- _What is required_: Make an exact copy of the lines from the one containing "En el lugar" through the end of the records below, and leave out every picture.

- _Listed entries_:

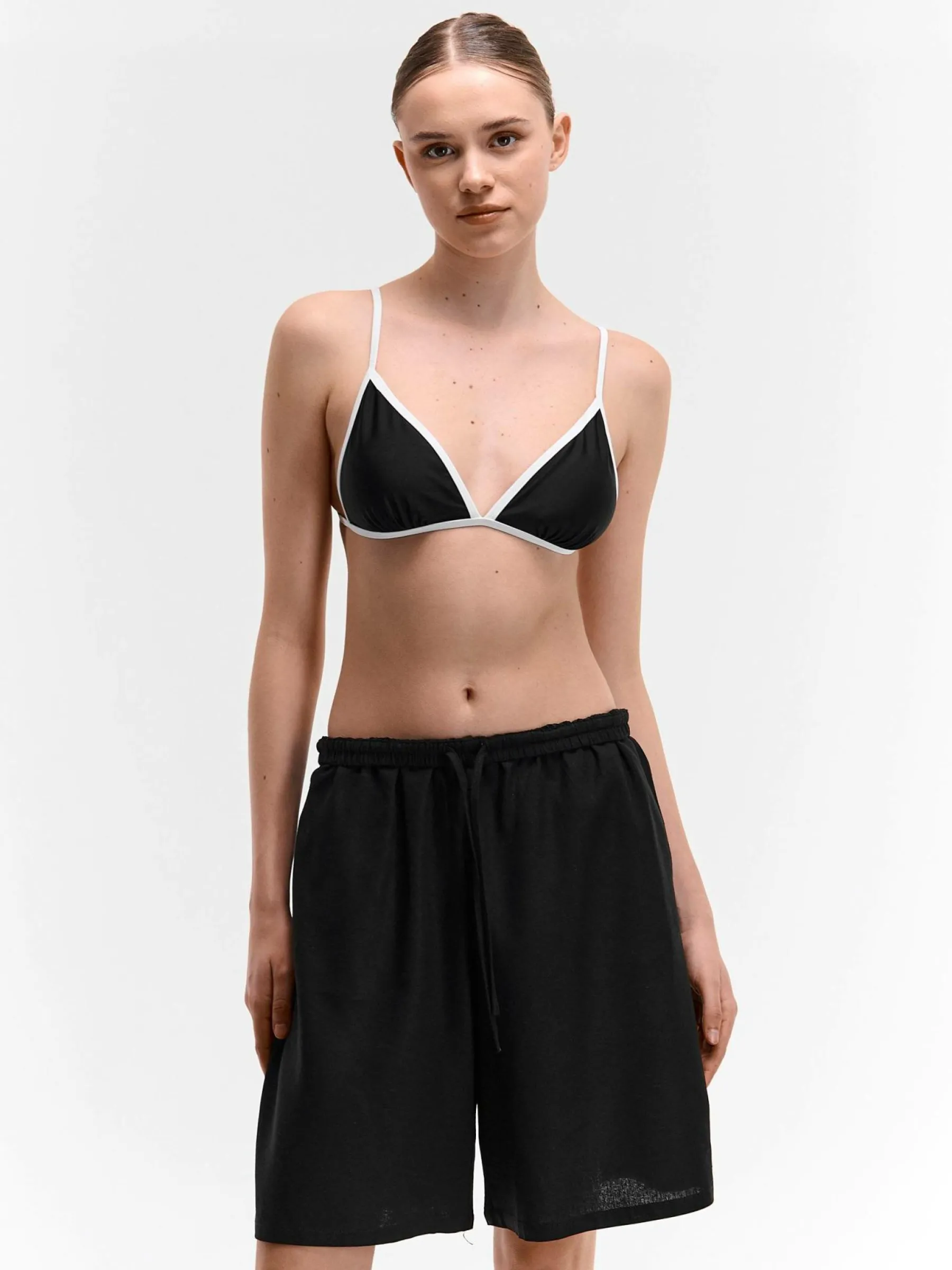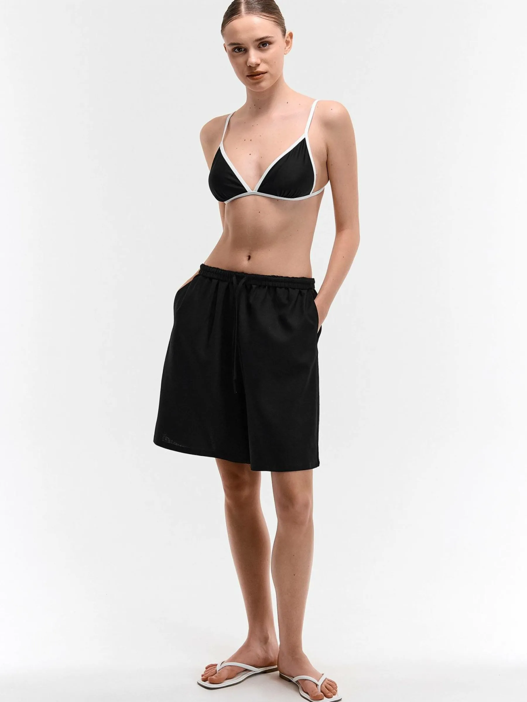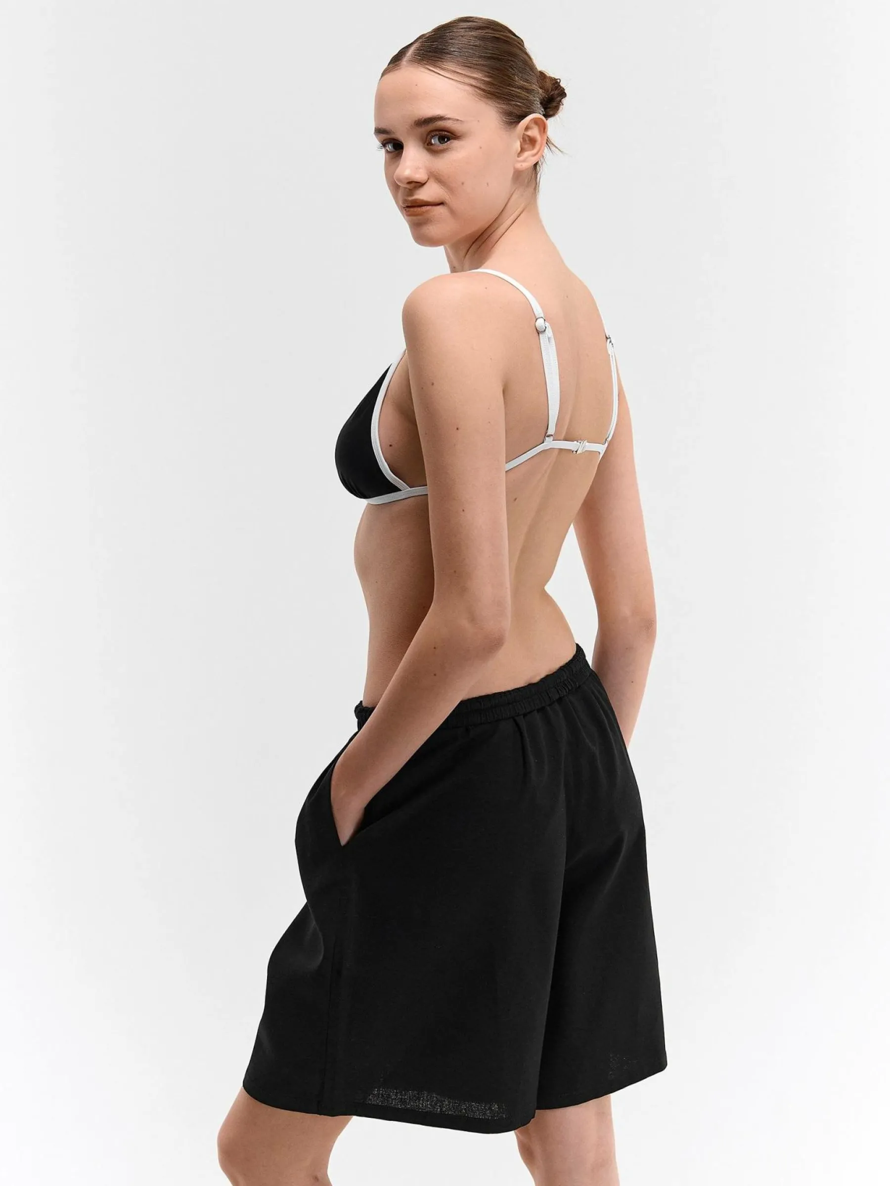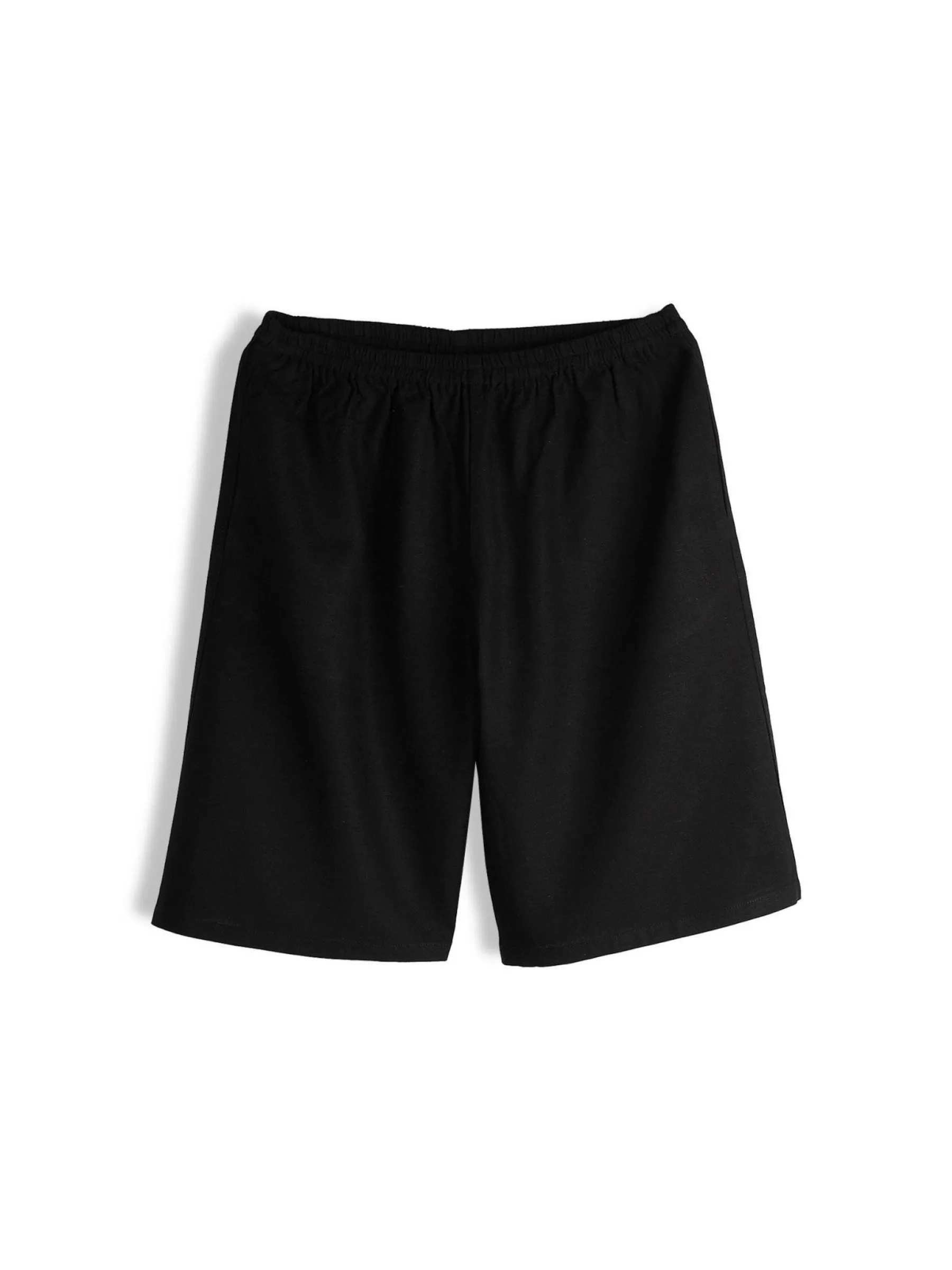 Kolor: czarnyKrój: straightTyp: spodenkiDługość: krótkiPattern style: pojedynczy kolorDetal: z elastyczną opaskąM…
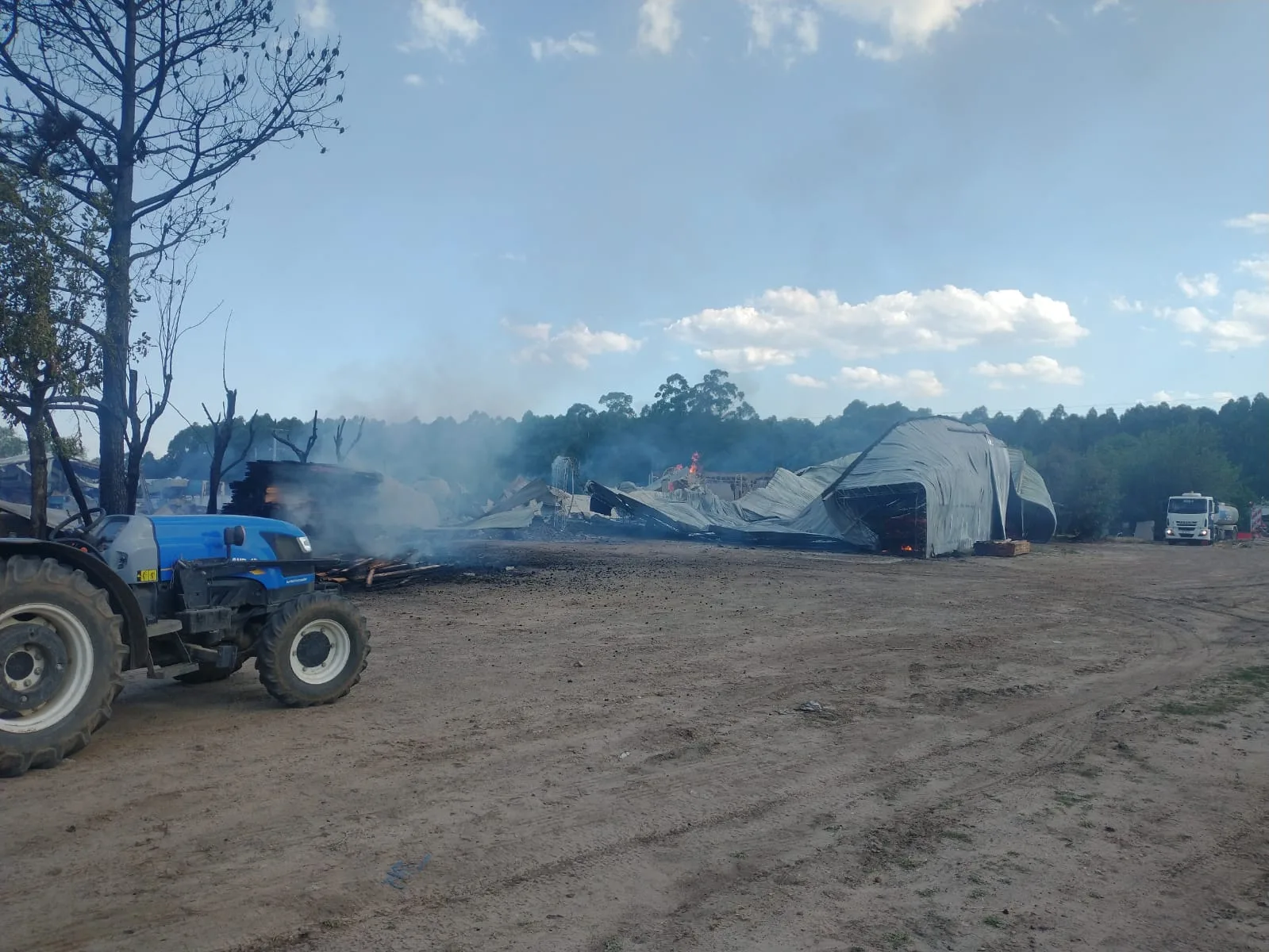 En el lugar prpiedad de familia Braghini, por razones que se tratarán de establecer, tomó fuego un galpón, parte de una camioneta, un autoelevador y otros elementos.
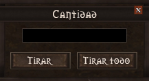 RECUERDA: Podemos dropear o tirar objetos presionando la tecla "T" en la configuración por default. Además, si apretamos Shift + click derecho arrastrándolo hacia la pantalla del juego, veremos la ventana para elegir la cantidad de objetos que queremos tirar. Estos objetos caerán solo debajo de nuestro personaje (no se puede elegir dónde).
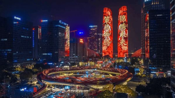 除夕,象征着一年的守候与团圆,承载着丰盈与祈愿。作为城市地标,成都高新区天府双塔用光影给市民游客打造了一场极具文化底蕴的节日盛宴。
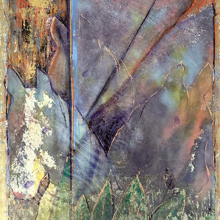 Meamar draws upon his knowledge to add great breadth to his unique style. He finds new techniques to eloquently express his ideas, utilizing the mixed media format to be found in many of his pieces. A fond disciple of color, his works are never bland or sterile. He often prefers to use the dynamic color range of acrylics, casting them against paper backgrounds with plentiful use of light. One will always feel a positive emotion from these efforts, which reach across at many levels so that anyone may perceive it. In his latest collection,.....
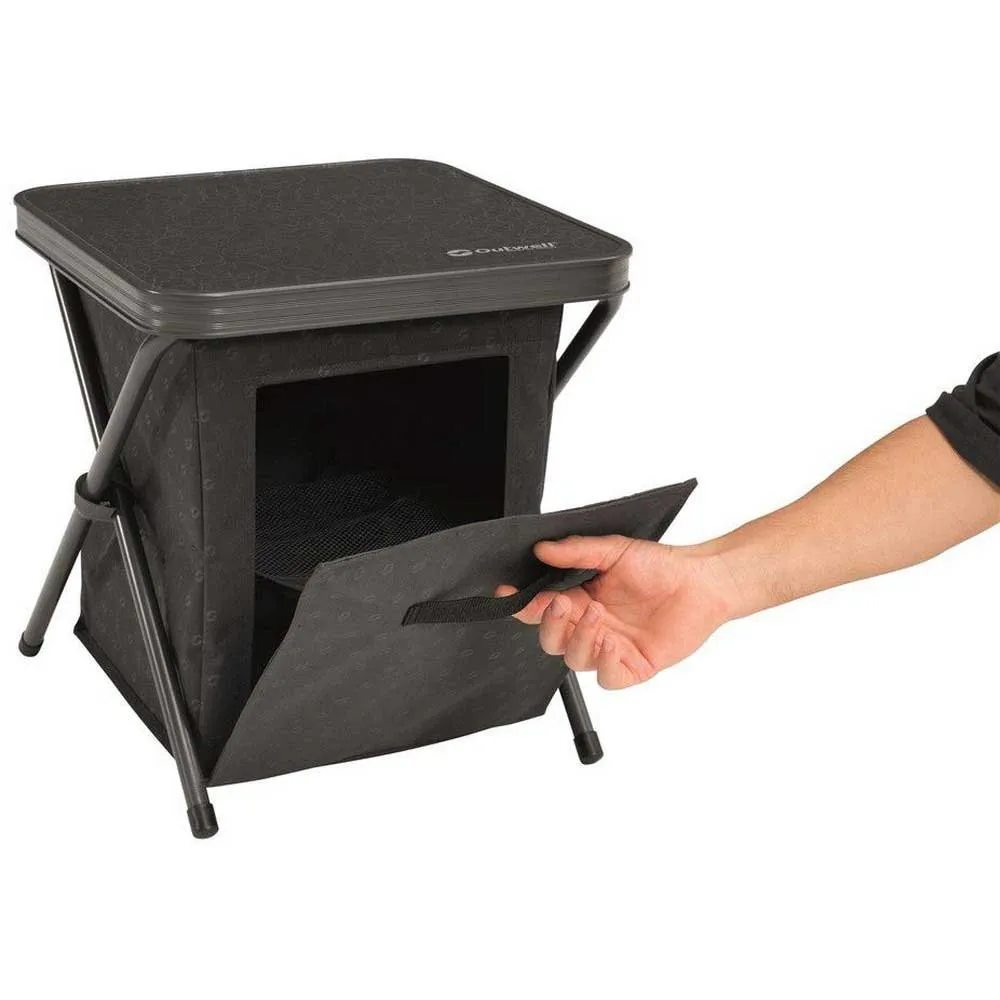 Solid drop down door with handle provides noise free and home-like easy access to storage space.

- _Answer to this task_:
 En el lugar prpiedad de familia Braghini, por razones que se tratarán de establecer, tomó fuego un galpón, parte de una camioneta, un autoelevador y otros elementos.
 RECUERDA: Podemos dropear o tirar objetos presionando la tecla "T" en la configuración por default. Además, si apretamos Shift + click derecho arrastrándolo hacia la pantalla del juego, veremos la ventana para elegir la cantidad de objetos que queremos tirar. Estos objetos caerán solo debajo de nuestro personaje (no se puede elegir dónde).
 除夕,象征着一年的守候与团圆,承载着丰盈与祈愿。作为城市地标,成都高新区天府双塔用光影给市民游客打造了一场极具文化底蕴的节日盛宴。
 Meamar draws upon his knowledge to add great breadth to his unique style. He finds new techniques to eloquently express his ideas, utilizing the mixed media format to be found in many of his pieces. A fond disciple of color, his works are never bland or sterile. He often prefers to use the dynamic color range of acrylics, casting them against paper backgrounds with plentiful use of light. One will always feel a positive emotion from these efforts, which reach across at many levels so that anyone may perceive it. In his latest collection,.....
 Solid drop down door with handle provides noise free and home-like easy access to storage space.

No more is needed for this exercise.